Within the past five days perhaps the most important five days in the history of the Kings Sacramento thrust itself back into the game. After years of arena uncertainty, economic woes, fan alienation and, most recently, a growing sense that Sacramento could not compete with Seattle, Mayor Kevin Johnson made the play of plays.
He formed a billionaire boys' club, tossing bucks into this Sacramento vs. Seattle equation. Ron Burkle. Mark Mastrov. Vivek Ranadive. Steve Jacobs. If not quite as sexy as the Miami Heat signing, say, LeBron James, who cares? Sacramento is competing for survival, not a title. The immediate goal is to keep breathing, not sweat all over a championship trophy.
"We did our part," the elated mayor said after the City Council approved a public contribution to a proposed $448 million downtown facility. "It's in (the NBA owners') hands now."
In a brick-by-brick process, NBA Commissioner David Stern and his board of governors have been given plenty of reason to slam on the brakes. While Chris Hansen and Steve Ballmer have signed an agreement to purchase the Maloofs' majority interest in the Kings and are pressing forward with plans for an arena in Seattle, the dramatic developments in Sacramento strengthened an already compelling argument to keep the Kings where they are albeit, in a modern downtown sports and entertainment complex.
First came word that four major investors had joined forces. Then came the 7-2 vote by the City Council. Then came Johnson's announcement that he has received $50 million in corporate sponsorships from an estimated 25 local companies.
Not to be outdone and the games will play on Ballmer bid $15 million for Bob Cook's 7 percent ownership shares in the Kings that are in bankruptcy. The Kings' other minority owners have 15 days to match the offer, though as of late Wednesday their intentions were unclear.
But what is clear is this: The scouting report on the Kings and their future in Sacramento no longer consists of short soundbites and one skinny chapter for night-time reading.
The league's other owners, who are empowered by NBA bylaws to approve or refuse franchise sales and relocations, have some serious studying, evaluating and reviewing ahead.
"The NBA has never, ever, in the history of the NBA it would be unprecedented to rip a team out of a city that has done everything that was expected of them," Johnson said. "They need to know that you cannot take our team away from us. Our market and our fans speak for themselves."
That said, momentum is an unfailingly fickle beast. It defies definition and predictability and sometimes even logic, which Johnson, as a former NBA All-Star point guard, appreciates more than most. Hence, his reasons for plotting another dynamic presentation Wednesday in New York, when the Seattle and Sacramento groups address members of the league's finance/relocation committee. Burkle, Mastrov, Ranadive and Jacobs are expected to attend.

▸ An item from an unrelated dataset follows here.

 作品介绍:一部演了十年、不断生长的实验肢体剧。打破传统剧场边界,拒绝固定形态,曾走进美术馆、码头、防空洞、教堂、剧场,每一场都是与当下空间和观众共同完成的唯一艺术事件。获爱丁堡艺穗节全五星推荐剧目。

And what will be the pitch? The prospective owners are visitors to the capital city, but Johnson is a Sacramento native who knows the real deal. Nineteen sellout seasons in 27 years. Two of the league's longest home-court winning streaks. The only major-league sports franchise in town. The 20th-largest television market in the country. An improving economy. A shift in political will (evidenced by the 7-2 approval on a public contribution). The presence of the four major investors. The NBA's reluctance to abandon established markets.

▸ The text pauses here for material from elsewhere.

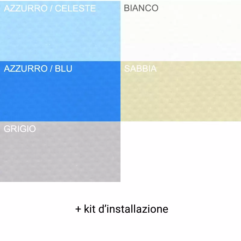 Colori disponibili per la membrana: sabbia, bianco, azzurro, blu e grigio chiaro.

And again and again and again the four major investors the four major investors the four major investors.
"Burkle was very optimistic about our chances of keeping the Kings here," council member Steve Cohn said Wednesday. "He gave me lot of confidence."
Who knows how this all ends? But it seems safe to say this Sacramento/Seattle rivalry is encroaching on Kings/Lakers. In the ensuing weeks, elbows will be thrown, taunting will be prevalent, strategy sessions will continue into the wee hours. It will become heated, maybe nasty. Stern might be forced to send his best crew out west to officiate.
"We have an ownership group in place that is playing to win," Johnson said Tuesday. "They do not want to come in second place."
The risks are considerable, the stakes enormous. Second place for Sacramento means losing a team, with virtually no shot at a rematch.